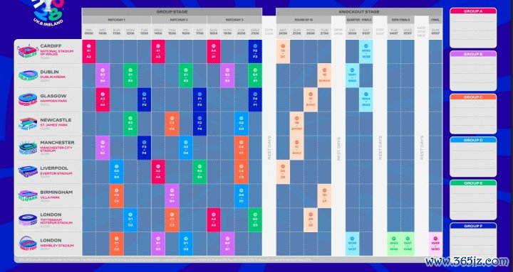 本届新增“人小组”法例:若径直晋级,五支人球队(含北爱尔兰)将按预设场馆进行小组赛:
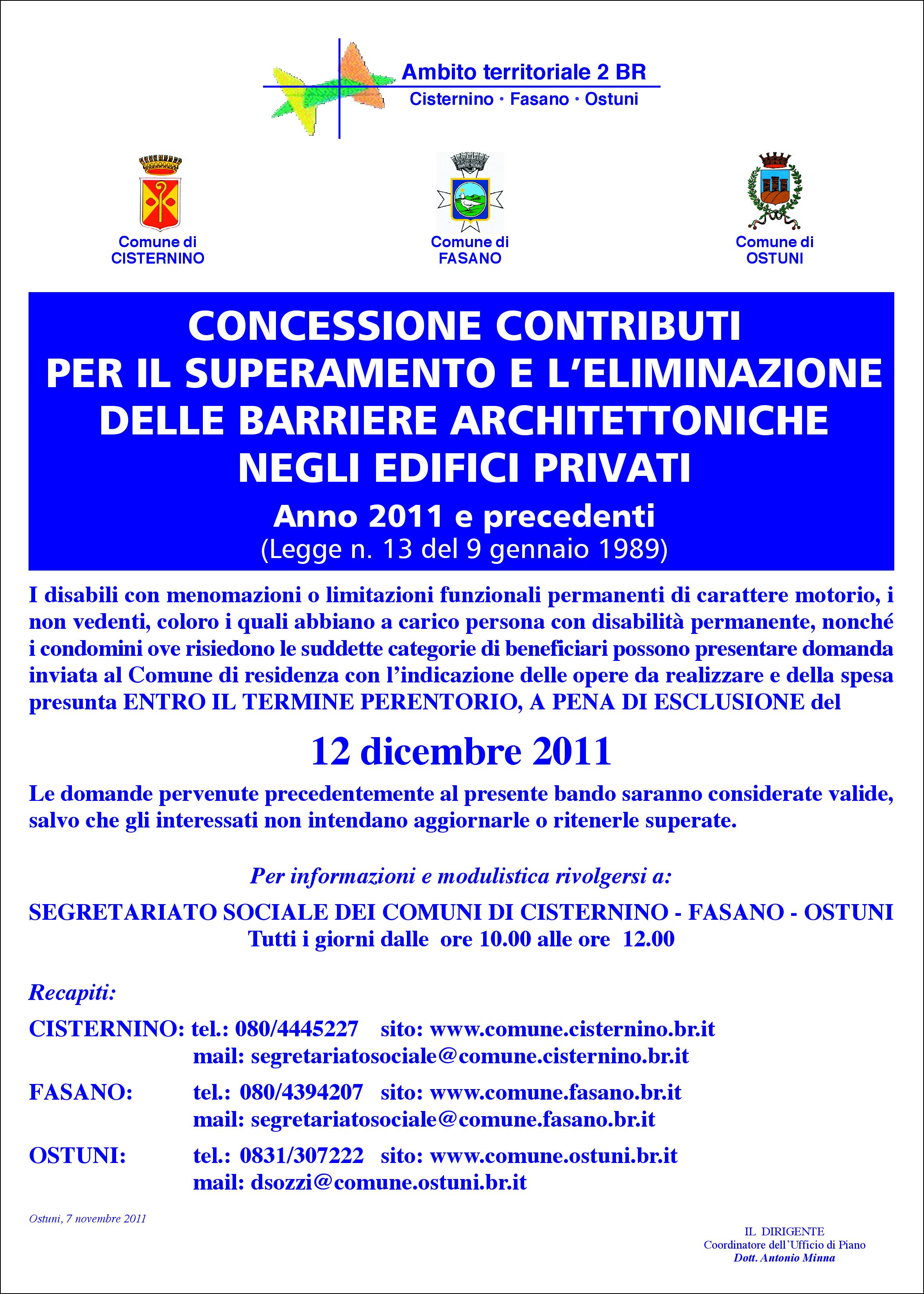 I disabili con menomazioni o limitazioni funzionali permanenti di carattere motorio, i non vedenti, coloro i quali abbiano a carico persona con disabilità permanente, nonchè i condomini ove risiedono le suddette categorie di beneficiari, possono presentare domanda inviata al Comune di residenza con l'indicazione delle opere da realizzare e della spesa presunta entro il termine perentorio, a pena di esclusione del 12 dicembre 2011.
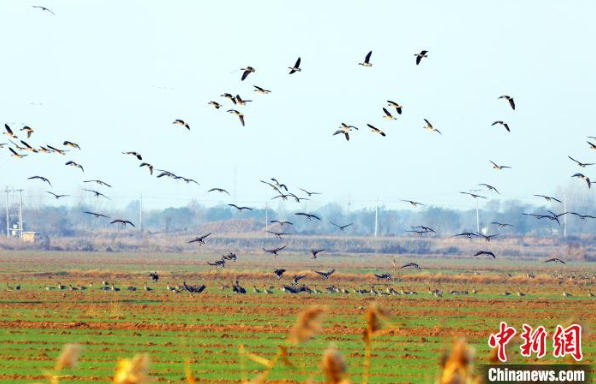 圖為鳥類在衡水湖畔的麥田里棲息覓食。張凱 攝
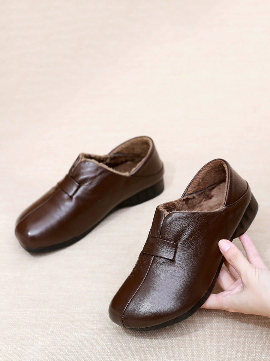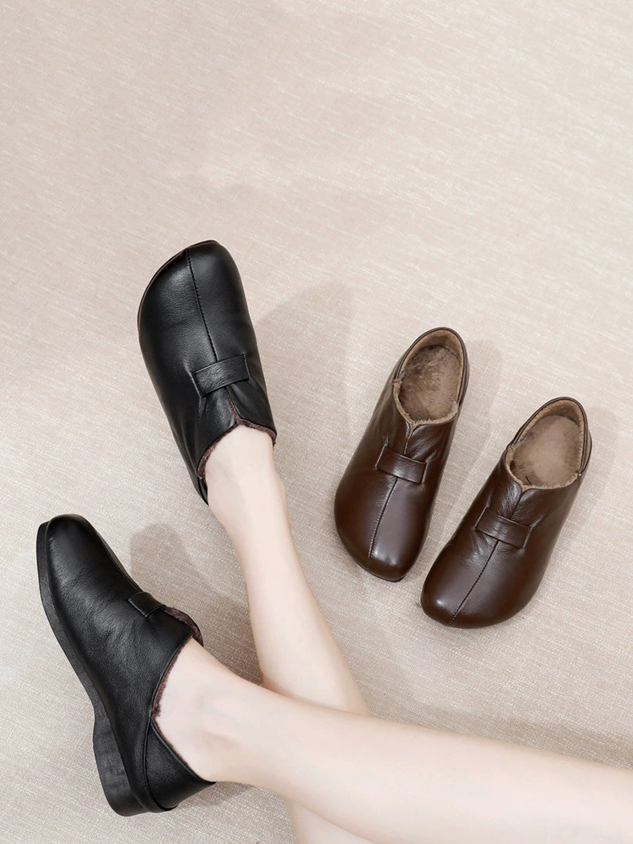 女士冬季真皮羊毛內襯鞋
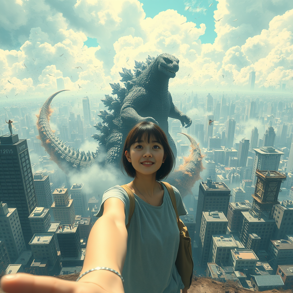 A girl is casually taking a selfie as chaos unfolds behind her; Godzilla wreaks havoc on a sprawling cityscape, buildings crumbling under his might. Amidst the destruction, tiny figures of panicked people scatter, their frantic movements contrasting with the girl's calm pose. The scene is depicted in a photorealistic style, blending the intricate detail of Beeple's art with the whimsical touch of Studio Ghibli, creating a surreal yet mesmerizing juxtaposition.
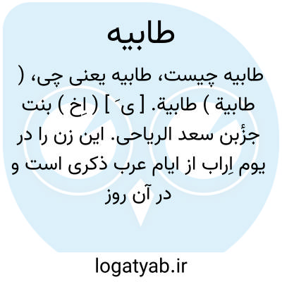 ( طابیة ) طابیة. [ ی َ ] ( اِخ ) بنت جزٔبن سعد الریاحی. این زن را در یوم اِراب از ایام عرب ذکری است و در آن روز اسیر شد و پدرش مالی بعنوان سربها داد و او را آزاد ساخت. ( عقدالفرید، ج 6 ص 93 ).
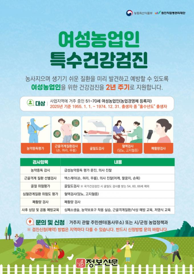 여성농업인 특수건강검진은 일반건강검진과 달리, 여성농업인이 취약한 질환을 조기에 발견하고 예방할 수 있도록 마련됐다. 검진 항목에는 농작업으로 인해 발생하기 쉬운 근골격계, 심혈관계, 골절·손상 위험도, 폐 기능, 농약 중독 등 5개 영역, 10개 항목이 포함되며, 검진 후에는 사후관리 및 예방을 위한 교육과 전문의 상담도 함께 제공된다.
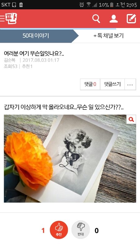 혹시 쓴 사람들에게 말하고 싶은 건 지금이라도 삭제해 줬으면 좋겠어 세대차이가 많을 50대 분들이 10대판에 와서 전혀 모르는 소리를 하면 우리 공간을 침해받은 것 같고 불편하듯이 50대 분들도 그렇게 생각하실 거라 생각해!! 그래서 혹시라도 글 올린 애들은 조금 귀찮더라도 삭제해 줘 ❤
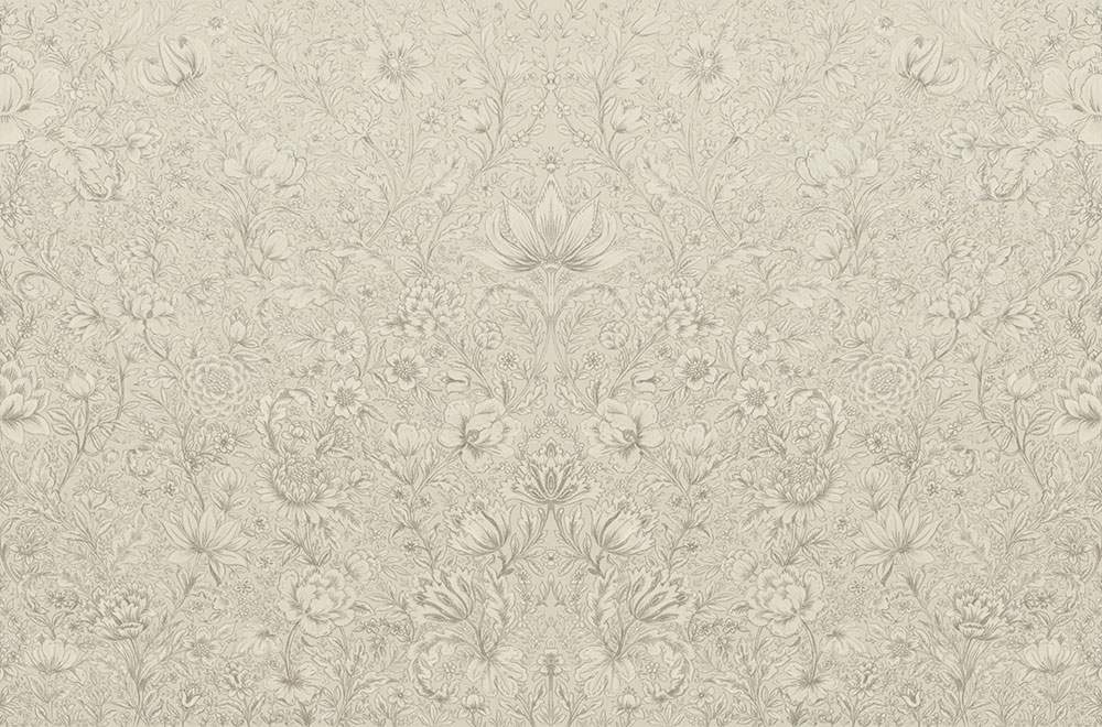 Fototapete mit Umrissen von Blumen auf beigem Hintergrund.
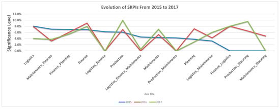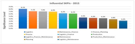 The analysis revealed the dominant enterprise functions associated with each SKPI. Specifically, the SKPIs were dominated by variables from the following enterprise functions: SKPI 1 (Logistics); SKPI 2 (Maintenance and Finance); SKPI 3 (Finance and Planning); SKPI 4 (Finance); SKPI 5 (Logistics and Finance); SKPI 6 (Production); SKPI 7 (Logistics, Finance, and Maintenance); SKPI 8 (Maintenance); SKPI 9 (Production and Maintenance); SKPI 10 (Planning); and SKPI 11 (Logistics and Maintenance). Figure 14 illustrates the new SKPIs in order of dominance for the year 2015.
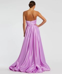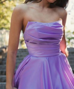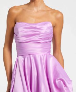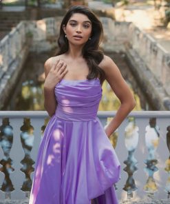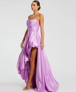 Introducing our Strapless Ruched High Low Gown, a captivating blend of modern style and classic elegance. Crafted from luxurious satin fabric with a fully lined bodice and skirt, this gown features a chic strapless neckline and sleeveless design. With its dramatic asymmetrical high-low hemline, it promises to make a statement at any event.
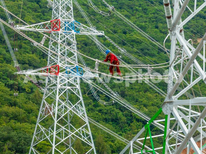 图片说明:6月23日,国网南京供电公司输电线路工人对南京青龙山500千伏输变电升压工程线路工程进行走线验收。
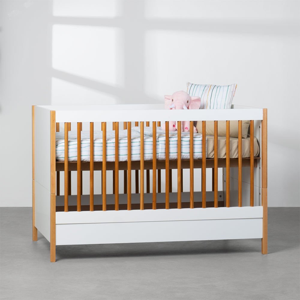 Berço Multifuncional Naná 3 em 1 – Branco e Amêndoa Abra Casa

_Your instructions:_
Could you write out the whole listing exactly, skipping every picture?

_Finished task:_
 本届新增“人小组”法例:若径直晋级,五支人球队(含北爱尔兰)将按预设场馆进行小组赛:
 I disabili con menomazioni o limitazioni funzionali permanenti di carattere motorio, i non vedenti, coloro i quali abbiano a carico persona con disabilità permanente, nonchè i condomini ove risiedono le suddette categorie di beneficiari, possono presentare domanda inviata al Comune di residenza con l'indicazione delle opere da realizzare e della spesa presunta entro il termine perentorio, a pena di esclusione del 12 dicembre 2011.
 圖為鳥類在衡水湖畔的麥田里棲息覓食。張凱 攝
 女士冬季真皮羊毛內襯鞋
 A girl is casually taking a selfie as chaos unfolds behind her; Godzilla wreaks havoc on a sprawling cityscape, buildings crumbling under his might. Amidst the destruction, tiny figures of panicked people scatter, their frantic movements contrasting with the girl's calm pose. The scene is depicted in a photorealistic style, blending the intricate detail of Beeple's art with the whimsical touch of Studio Ghibli, creating a surreal yet mesmerizing juxtaposition.
 ( طابیة ) طابیة. [ ی َ ] ( اِخ ) بنت جزٔبن سعد الریاحی. این زن را در یوم اِراب از ایام عرب ذکری است و در آن روز اسیر شد و پدرش مالی بعنوان سربها داد و او را آزاد ساخت. ( عقدالفرید، ج 6 ص 93 ).
 여성농업인 특수건강검진은 일반건강검진과 달리, 여성농업인이 취약한 질환을 조기에 발견하고 예방할 수 있도록 마련됐다. 검진 항목에는 농작업으로 인해 발생하기 쉬운 근골격계, 심혈관계, 골절·손상 위험도, 폐 기능, 농약 중독 등 5개 영역, 10개 항목이 포함되며, 검진 후에는 사후관리 및 예방을 위한 교육과 전문의 상담도 함께 제공된다.
 혹시 쓴 사람들에게 말하고 싶은 건 지금이라도 삭제해 줬으면 좋겠어 세대차이가 많을 50대 분들이 10대판에 와서 전혀 모르는 소리를 하면 우리 공간을 침해받은 것 같고 불편하듯이 50대 분들도 그렇게 생각하실 거라 생각해!! 그래서 혹시라도 글 올린 애들은 조금 귀찮더라도 삭제해 줘 ❤
 Fototapete mit Umrissen von Blumen auf beigem Hintergrund.
 The analysis revealed the dominant enterprise functions associated with each SKPI. Specifically, the SKPIs were dominated by variables from the following enterprise functions: SKPI 1 (Logistics); SKPI 2 (Maintenance and Finance); SKPI 3 (Finance and Planning); SKPI 4 (Finance); SKPI 5 (Logistics and Finance); SKPI 6 (Production); SKPI 7 (Logistics, Finance, and Maintenance); SKPI 8 (Maintenance); SKPI 9 (Production and Maintenance); SKPI 10 (Planning); and SKPI 11 (Logistics and Maintenance). Figure 14 illustrates the new SKPIs in order of dominance for the year 2015.
 Introducing our Strapless Ruched High Low Gown, a captivating blend of modern style and classic elegance. Crafted from luxurious satin fabric with a fully lined bodice and skirt, this gown features a chic strapless neckline and sleeveless design. With its dramatic asymmetrical high-low hemline, it promises to make a statement at any event.
 图片说明:6月23日,国网南京供电公司输电线路工人对南京青龙山500千伏输变电升压工程线路工程进行走线验收。
 Berço Multifuncional Naná 3 em 1 – Branco e Amêndoa Abra Casa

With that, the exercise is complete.